I’m not sure what is meant by a “volume and low-price model.” Rioja must continue betting on quality — whether one bottle is made or a million. The only sensible and necessary path is excellence, across all consumer segments: from the most exclusive wines to those enjoyed every day. Wine has always been part of social life. We must analyze the causes of this global consumption decline and offer new ideas, new horizons, and quality wines for all who seek them. Rioja is uniquely positioned to provide those answers.
And let’s not forget: despite everything, Rioja remains Spain’s favorite wine, maintaining market share. In a turbulent international market, exports held up well, and overall sales grew nearly 1% last year — not enough, because we always want more, but it’s proof of our resilience in tough times. That strength comes from sustained quality, recognized and trusted by consumers.
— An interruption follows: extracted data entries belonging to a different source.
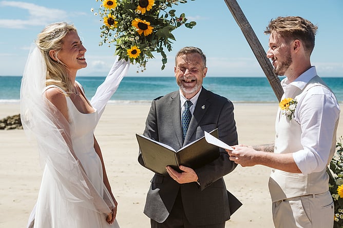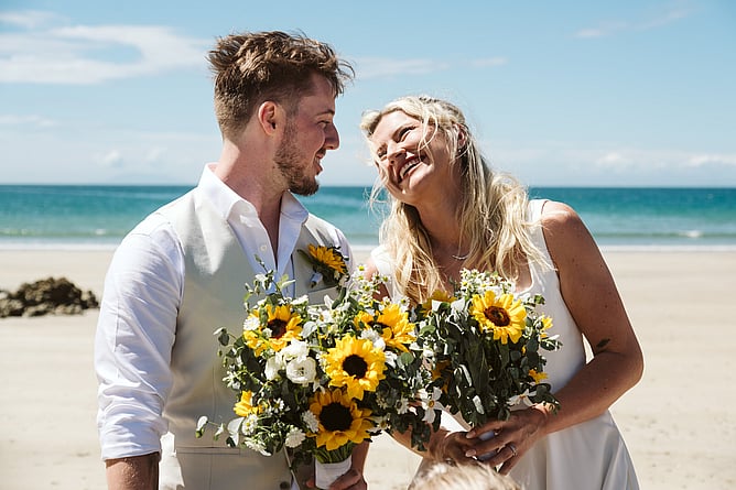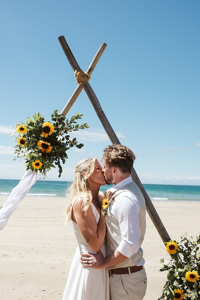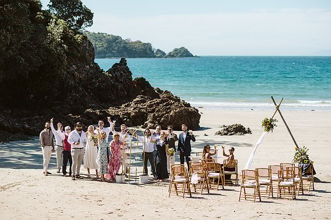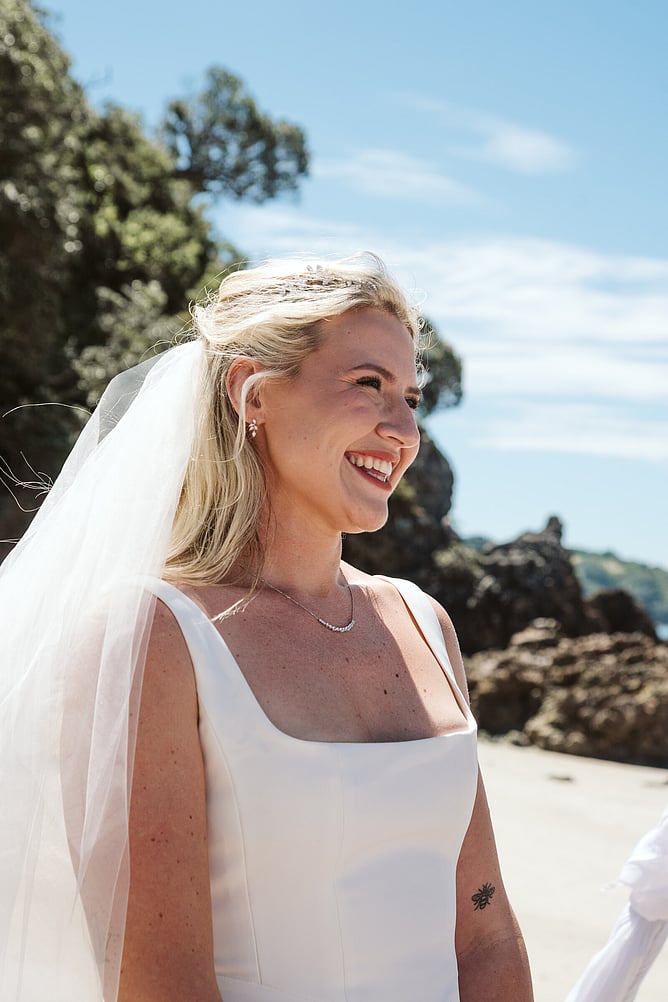 Summer vibes surrounded Kiera and Daniel’s intimate wedding on Oneroa Beach, Waiheke Island. Their relaxed beach ceremony was the perfect setting to celebrate their love, and Kiera’s bright smile said everything!
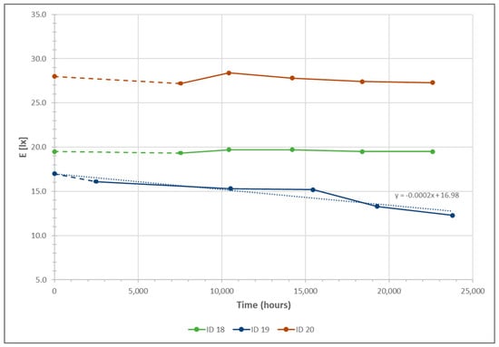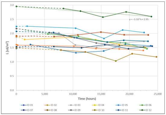 To compare actual and estimated depreciation trends, the overall lighting installation sample was divided into three subsets: (i) motorized and traffic roads with luminaires equipped with LED01, (ii) pedestrian areas (park areas) with luminaires equipped with LED02, and (iii) pedestrian areas (footpaths and cycling area) with luminaires equipped with LED01. The analysis was conducted separately for the three subsets since the measured photometric quantities and the characteristics of the LEDs, in terms of lumen maintenance, were different. For each subset, a regression analysis was applied to derive an overall measured depreciation trend to be compared to the estimated one.
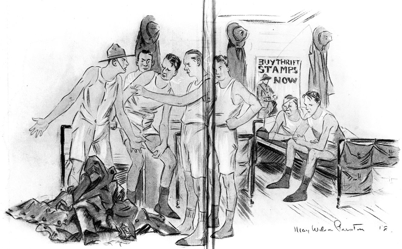 On the last night in camp, at a pine table in a tiny office cut off from the lower squad room, Sergeant Gray made the above record against his own fair name, and sitting back surveyed it grimly. It was two A. M. Across from him the second mess sergeant was dealing in cans and pounds and swearing about a missing cleaver.
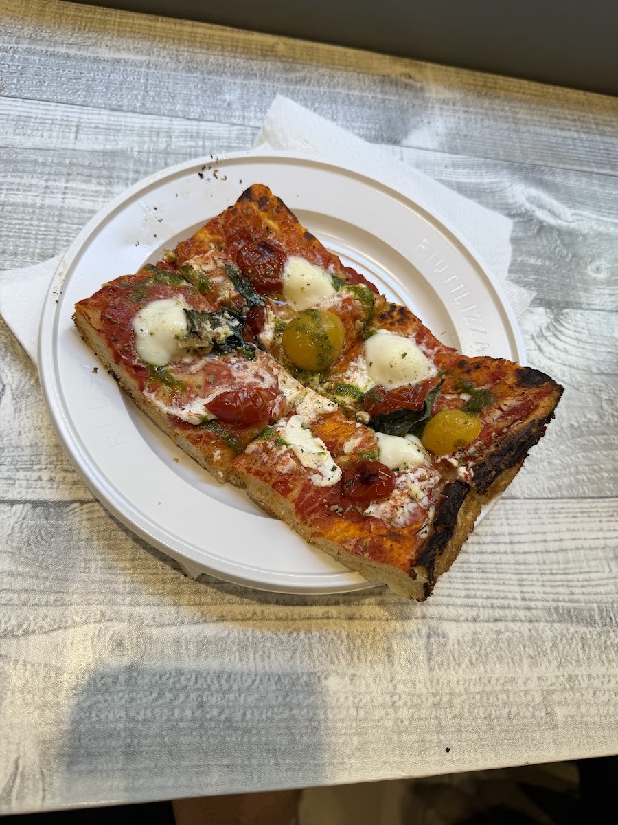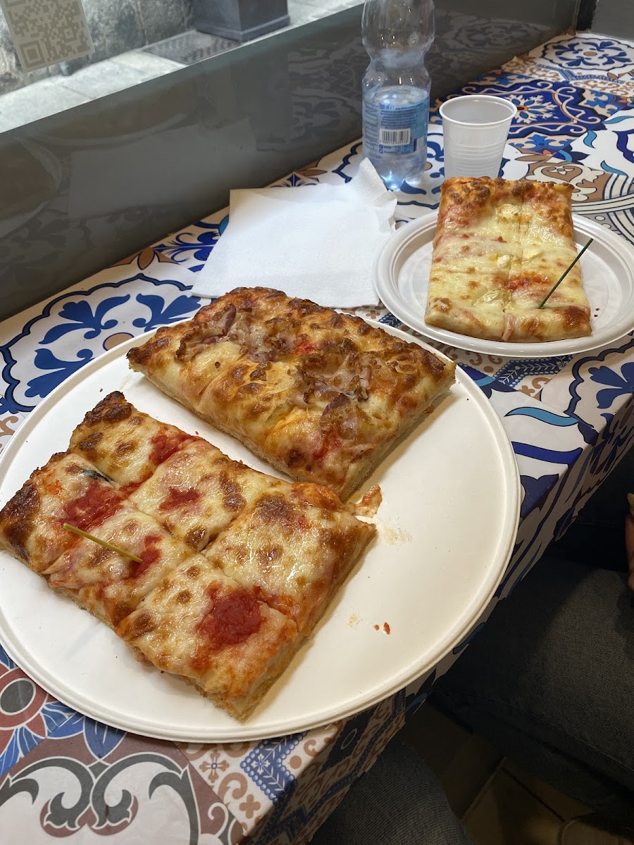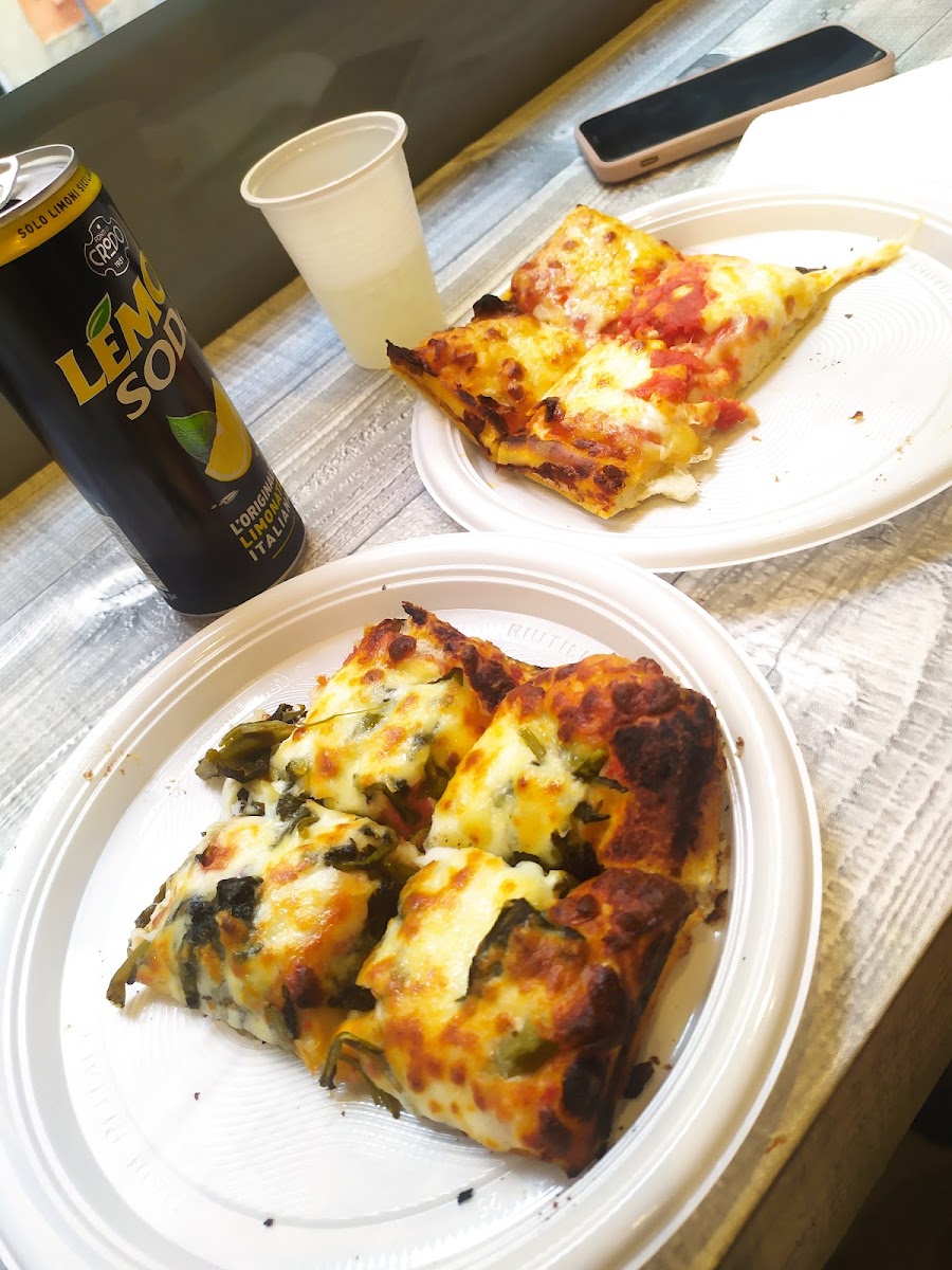 Great spot for a quick bite, especially if you’re on the go as there is the option to buy pizza by the slice too rather than a whole pizza which is super convenient. Prices are reasonable too. We tried the Margherita, the mozzarella and basil (my personal favourite), and the focaccia, which was also tasty. It’s not the best pizza I’ve ever had, but it’s a solid option—especially handy for feeding kids without committing to a whole pizza. The staff were lovely and polite. It is a small place and there is some seating there should you want to eat in but mostly a takeaway place.
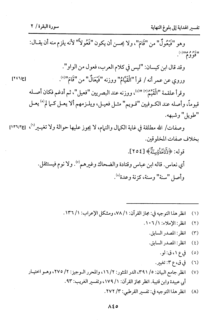 وقرأ علقمة " الْقَيِّمُ "، ووزنه عند البصريين " فعيل "، ثم أدغم فكان أصله قيوماً، وأصل عند الكوفيين " قويم " مثل فعيل، ويلزمهم ألا يعل كما لم يعل " طويل " وشبهه.

By continuing along the path of quality, diversity, and authenticity — from our varied portfolio to our return-to-origin philosophy — Rioja can meet the needs and desires of all wine lovers.

For years, the Association of Quality Wineries has called for clearer differentiation between wines that guarantee Rioja’s quality standards and those that don’t, to prevent unfair competition. What’s your view?
Rioja always guarantees quality — that’s what’s brought us here, celebrating a Centenary that no other Spanish D.O. can match. Rioja’s recognized quality has been key to our success. Rioja has been a Qualified Designation of Origin since 1991 — the highest level — and was the first in Spain to achieve it. That status was earned, not granted. We’ve always been self-demanding, and with “Qualified” status comes stricter regulations — such as mandatory bottling at origin. We continue to raise the bar, for example by strengthening the tasting panel to make it one of the most rigorous systems in the world. There are no shortcuts in Rioja: everything is subject to the strictest controls. Quality is not a goal — it’s a shared commitment. Being Rioja means certainty, traceability, and excellence.
Would it make sense to move toward a model in which representation is based more on value than volume — where those who contribute more to the Rioja brand are better represented on the Council?
We’ve already worked in that direction. Representation isn’t only based on volume but also on the average export price per category. A liter of Crianza is not valued the same as a liter of Reserva. And new measures can still be taken if the sector agrees. In fact, this year, a reform was approved to increase representation for those whose average sales value is twice the market average. These are gradual, coherent steps forward.

In recent years, some voices — especially from Rioja Alavesa — have called for greater differentiation. What message would you send to those who still feel their identity isn’t sufficiently recognized?
I deeply admire Rioja Alavesa — its wines, its people, its landscapes, and its history, which fully deserves recognition. Each subzone has its own unique charm and character. A wine from San Asensio isn’t the same as one from San Vicente, just as one from Kripán differs from one from Lanciego — or from my hometown of Quel and Murillo de Río Leza. That diversity is the very essence of Rioja.
Rioja was born from a historic alliance among towns and wineries, long before the D.O. formally existed. It arose from the need to protect and distinguish what was genuinely Rioja — and excellent. We’ve recalled these origins throughout the Centenary. In recent years, we’ve developed new tools to express that diversity: Viñedos Singulares, Vinos de Pueblo, zone mentions, native varieties — all ways to highlight the uniqueness of each territory. I believe the path is not separation, but building together. The recent ruling on Viñedos de Álava confirmed that Rioja’s model works and embraces all sensibilities. My message is clear: Rioja is a shared project where everyone belongs — and that has been true for over 100 years. Diversity isn’t a threat; it’s our strength. That’s what brought us here, and that’s what will guide us confidently into the future.